Aug 07, 2017 News
Speaker of the National Assembly, Dr. Barton Scotland on Friday disallowed an attempt by Member of Parliament, Anil Nandlall to question government about the rental of houses for Ministers.
Nandlall presented a series of questions without notice.
But the questions were disallowed by the Speaker on the grounds “that they were not urgent and did not relate to the business of the sitting of the House.”
Nandlall told this newspaper that he views this as “Another exhibition of the Speaker exercising undue censorship over opposition’s right to question and scrutinize Government’s spending.”
Nandlall’s questions were titled “Expenditure on Rental of Ministers’ Residences.” They were directed to Minister of Finance Winston Jordan.

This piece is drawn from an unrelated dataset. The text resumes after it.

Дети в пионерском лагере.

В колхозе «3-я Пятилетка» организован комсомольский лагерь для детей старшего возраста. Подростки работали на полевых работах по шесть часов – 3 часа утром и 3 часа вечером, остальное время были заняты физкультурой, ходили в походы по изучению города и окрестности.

Nandlall sought to have Jordan inform the National Assembly which, if any, of the housing rental contracts for ministers were considered or approved by the Ministry of Finance and or the National Procurement and Tender Administration Board (NPTAB). He also asked that Jordan provide the House with the relevant documentation on the approvals of the ministry or NPTAB on these matters.
Nandlall questioned, too whether the government’s policy on the rental and rates of accommodation for ministers was/is guided by fiscal availability and budgetary considerations, as well as, which agencies’ budgets in the 2015, 2016 and 2017 budgets made provision for the expenditure and under which sub-heads.

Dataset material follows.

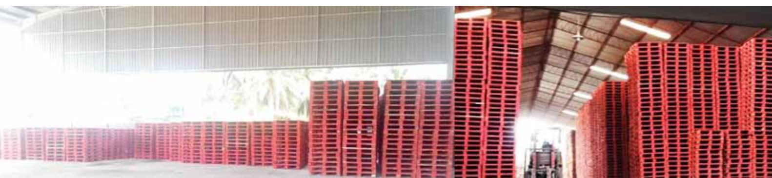
路凯印尼新三宝壟市仓库

“There is no question about its availability or applicability; no question of time being an issue. It was properly presented at the time it was presented. The question is important; the question of ministerial accommodation has attracted attention far and wide and certainly is one that I believe continues to attract comment and attention” said Dr. Scotland. But he then explained that those points are simply not enough to satisfy Standing Order 18:3, which governs questions without notice. Standing Order 18:3 calls for questions without notice to be urgent and important or relate to the business of the day. Scotland told the House that though important, the questions failed to qualify as urgent or related to the business of the day.

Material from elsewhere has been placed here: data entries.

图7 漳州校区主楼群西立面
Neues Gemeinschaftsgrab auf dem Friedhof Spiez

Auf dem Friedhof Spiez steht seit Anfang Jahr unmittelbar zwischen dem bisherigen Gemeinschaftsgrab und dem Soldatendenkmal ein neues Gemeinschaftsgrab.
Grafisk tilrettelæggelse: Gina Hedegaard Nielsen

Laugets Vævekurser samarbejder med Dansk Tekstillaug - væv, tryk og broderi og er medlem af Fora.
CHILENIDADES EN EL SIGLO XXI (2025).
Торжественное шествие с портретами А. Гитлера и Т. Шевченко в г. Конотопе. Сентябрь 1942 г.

The State is paying five hundred thousand rents for two junior Ministers of Government, Simona Broomes and Valarie Patterson. Clerk of the National Assembly Sherlock Isaacs, who manages the Parliament Office, said that it is the Parliament Office that is footing the bill. He said that it was an Administrative decision to rent the houses at $500,000.
Many, including the People Progressive Party/ Civic opposition and the Working People’s Alliance (WPA) which is part of the governing coalition, have condemned the rental.
WPA thinks that the rental of two $500,000 houses for two junior ministers of government is “immoral” and “unconscionable.”
WPA’s Chair, Tabitha Sarabo-Halley said that the issue of lavish spending on Government functionaries is one that dogged the previous government and which was correctly condemned by the then opposition parties.
Sarabo-Halley said that it is therefore a matter of grave concern when similar practices seem to be creeping into the behavior of the present government.
The WPA Chair said that while the party does not object to government ministers being compensated at levels befitting their office, “We strongly object to the super-salaries and other compensation that seem to have become the norm in Guyana.”
She told the media too that the WPA cannot, in all conscience, defend and support Gvernment payment of half a million dollars rent for ministers, especially when placed against the 50% rise in salary that was given to ministers in 2015. It borders on government splurging of taxpayers’ money,” she said.
Sarabo-Halley said that if ministers are being paid healthy salaries, enjoy the usual perks that come with the office and get their rent paid at $500,000 per month, then that amounts to enrichment at the expense of government. “It was wrong under the PPP and it cannot be correct now.”
She said that the WPA has always felt that the APNU+AFC government must distinguish itself from the PPP on these and other matters pertaining to management of government resources.
Sarabo-Halley continued, “WPA wishes to draw to our government’s attention that at a time when we bemoan a huge gap between the rich and the poor, it is inexcusable for us to be paying a monthly rent for ministers that amounts to approximately six times that of the monthly salary of the average public servant.”
She said that while the WPA agrees that the $25,000 housing allowance for ministers may be inadequate, the party absolutely feels that $500,000 is far beyond reasonable. “We therefore call for an immediate review of the unhealthy policy of paying mega rent for ministers.”